= Arthur Hobbs (WFA) =

British football administrator

Arthur Henry Hobbs (c. 1923 – 1975) was a British football administrator who has been described as the 'father of women's football' in the United Kingdom. He ran the successful Deal International Tournament and was later instrumental in starting the Women's Football Association, serving as its first secretary in 1969.

==Early life and career==
Hobbs was born in c. 1923 in Wincanton, in Somerset. He was a carpenter and played amateur football. During the Second World War he served in the 4th Battalion, Wiltshire Regiment and was stationed in Deal, in Kent, where he settled after the war and he and his older brother, Albert, married twin sisters, Mary and Daphne Arnold. He worked for Deal Town Council as a carpenter.

Enthusiastic about women's football, Hobbs ran a team in Deal and in 1965 held a match for telephone operators. In 1967 he organised an 8-team local tournament to be held at Deal Town F.C.'s ground; it had to be moved to Betteshanger Colliery after the FA blocked use of the ground under their 1921 ban on women's football. Dover GPO were the winners. The following year, teams from the North of England participated, and Manchester Corinthians won; the Deal International Tournament grew to 52 teams in 1969.
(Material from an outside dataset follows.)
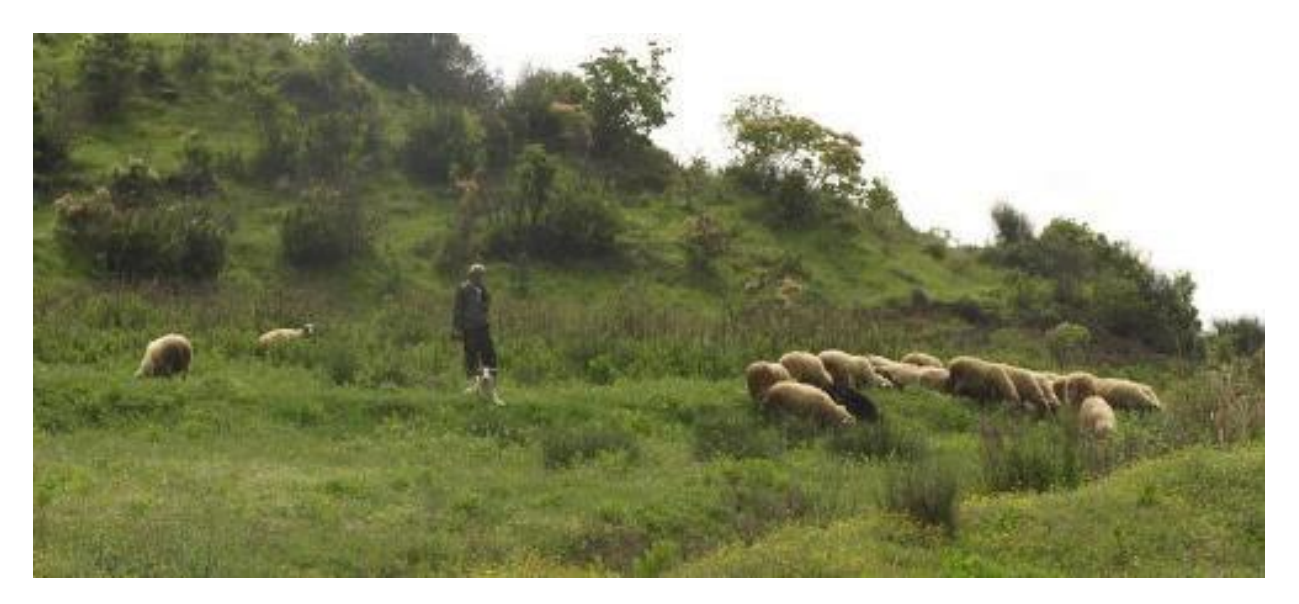
Albanian traditional herding livestock

Note: The population of Qarrishta village is composed by two main family-tribes: Hasa and Bicoku. They are living mainly with livestock breeding (husbandry).

In the late 1960s he took a leading role in starting the Ladies' Football Association of Great Britain, now the Women's Football Association, which he announced after the 1969 Deal Tournament; he was its first secretary when it held its first meeting that November. He stepped down for health reasons in 1972, the year of the last Deal Tournament.

==Legacy==
An Arthur Hobbs Cup was planned to be held in 2022 under the auspices of Deal Town F.C. and Betteshanger Sports & Social Club with the support of Deal Town Council, as a revival of the Deal International Tournament in honour of Hobbs. In 2023, the first Arthur Henry Hobbs tournament for under-16 girls' teams took place at Goodwin Academy in Deal, in association with the Deal Town Rangers Summer Tournament.

==Personal life==
Hobbs and his wife Mary adopted a son and a daughter. His wife was killed in a car accident in the early 1970s; he died of a heart attack in 1975.